The core personal consumption expenditures (PCE) index, which excludes food and energy costs and is closely watched by the Federal Reserve, rose 0.2% in July from the previous month, matching Wall Street expectations of 0.2% and the 0.2% recorded in June.
Compared to the previous year, prices rose 2.6% in July, equal to the annual increase in June and below analysts’ expectations of a 2.7% increase.
The report is the first look at inflation since Fed Chairman Jerome Powell all but confirmed in a speech in Jackson Hole, Wyoming, that the Fed will cut rates next month. Powell said “the time has come for policy action.” Powell added that he has “grown” confident that inflation will return to the Fed’s 2% target.
Friday’s report will do little to change Powell’s assessment of the situation.

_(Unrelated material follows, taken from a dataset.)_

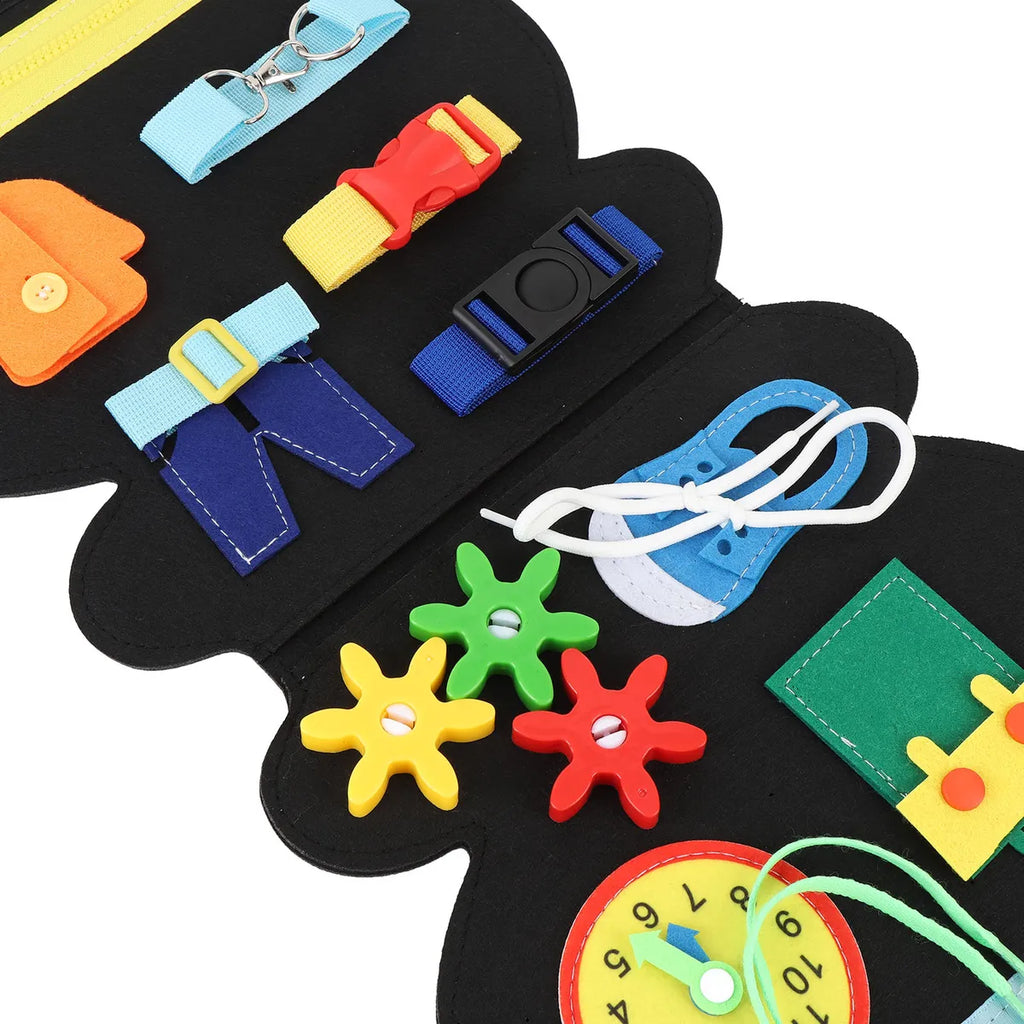 Com diversas atividades inspiradas no método Montessori, a Maleta Dino ajuda os pequenos a aprenderem tarefas do dia a dia como: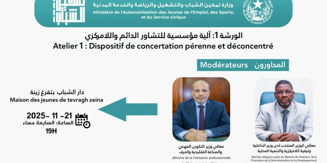 أعلنت وزارة تمكين الشباب والتشغيل والرياضة والخدمة المدنية، اليوم، عن تنظيم ثلاث ورشات تحضيرية متزامنة، استعدادًا لحفل اختتام المؤتمر الوطني لتمكين الشباب، وذلك يوم 21 نوفمبر 2025 عند الساعة السابعة مساءً، في دور الشباب بولايات نواكشوط الثلاث.

Economists argue that while the decline in inflation remains paramount for the Fed as it weighs whether to cut rates, concerns about the deterioration in the labor market have also entered the picture. This, Ryan Sweet, Oxford Economics’ chief U.S. economist, told Yahoo Finance, puts a “lesser emphasis” on monthly inflation numbers.
“It’s not going to be an easy ride,” Sweet said on Aug. 23. “There are going to be bumps in the road with the inflation numbers.”
Still, Sweet noted that the Fed’s preferred measure of inflation is still “within spitting distance” of the Fed’s target.
Investors are expecting a rate cut in September, but debate continues over how much the Fed will cut. As of Friday morning, markets are pricing in about a 33% chance that the central bank will cut rates by 50 basis points by the end of its September meeting, according to the CME FedWatch Tool.